There is plenty of money out there to have full funding for air traffic controllers, Headstart, and Meals on Wheels. If you doubt this consider just two of tens of thousands of examples of big drains on your tax dollars - subsidies for the American music industry to market music labels overseas and Warren Buffet.

Uncle Sam apparently alarmed that music retail sales have dropped from $12 billion to $7.1 million between 2003 and 2012, recently allocated $300,000 in federal tax dollars through the International Trade Association to pay for a dozen independent music labels to get a marketing foothold in places such as Latin America and Asia.

The dozen firms accounted for about $2.3 billion in sales in 2012. Surely they could afford $300,000 to underwrite efforts to tap foreign markets without getting federal help. This is nothing new. Uncle Sam regularly - and quietly - doles out your tax dollars to help wealthy corporations to market products overseas. The list is long and is dotted with Fortune 500 companies firms as well as very successful corporations such as McDonald’s, Kraft Foods, Jim  Beam Brands, Campbell Soup, and Ralston Purina to name a few. The money earmarked for overseas advertising is coming right out of your pockets. It could very easily go to Meals on Wheels, Headstart or any of a thousand other federal programs but Congress instead set up a system to use as much as $100 million a year to pay for American corporate advertising in foreign lands.
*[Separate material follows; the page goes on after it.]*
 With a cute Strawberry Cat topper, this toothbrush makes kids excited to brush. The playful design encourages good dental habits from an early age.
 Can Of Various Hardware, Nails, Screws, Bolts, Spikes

By framing budget cuts as a choice between air traffic controllers and feeding seniors on limited income it glosses over the real reasons Uncle Sam spends way beyond his means.
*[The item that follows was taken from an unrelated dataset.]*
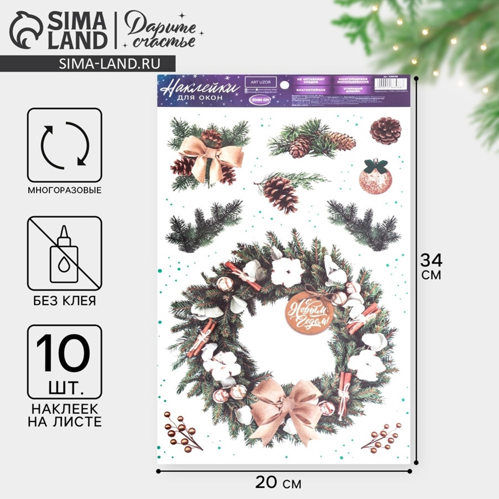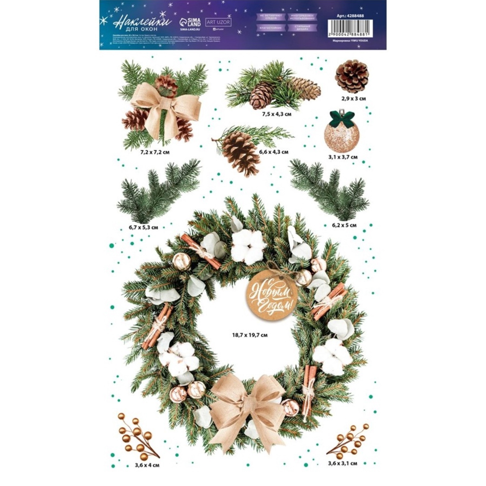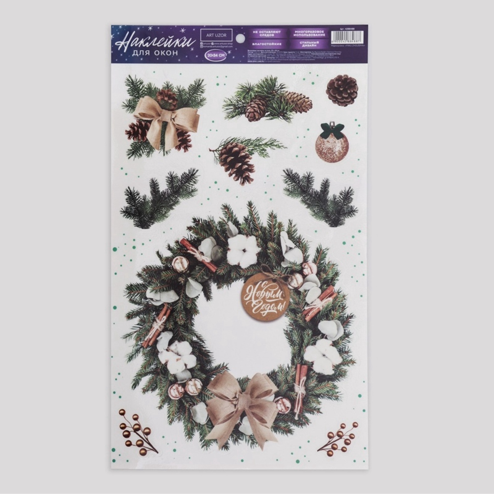 Наклейки на окна многоразовые «новогодний венок», 20 х 34 см

Then there is the Oracle of Omaha who keeps lecturing us that we need to pay more taxes.

How about Buffet - and owners of other utilities such as PG&E - giving state and federal treasurers taxes utilities used government mandates to collect from us as utility customers and then pocketed?

Here’s how utilities such as PG&E get to keep taxes you cover that are clearly marked on your monthly bill as part of what you are paying. The California State Public Utilities Commission embedded the taxes that utility firms such as PG&E are projected to owe within their rates. They do that to assure PG&E collects all of their costs so they can have an 11.45 percent guaranteed return.

But thanks to federal laws that allow utilities’ corporate parents to pay the taxes instead, what typically happens is through the employment of tax shelters, tax credits, and other slights of hand the corporate parent pays little or no taxes.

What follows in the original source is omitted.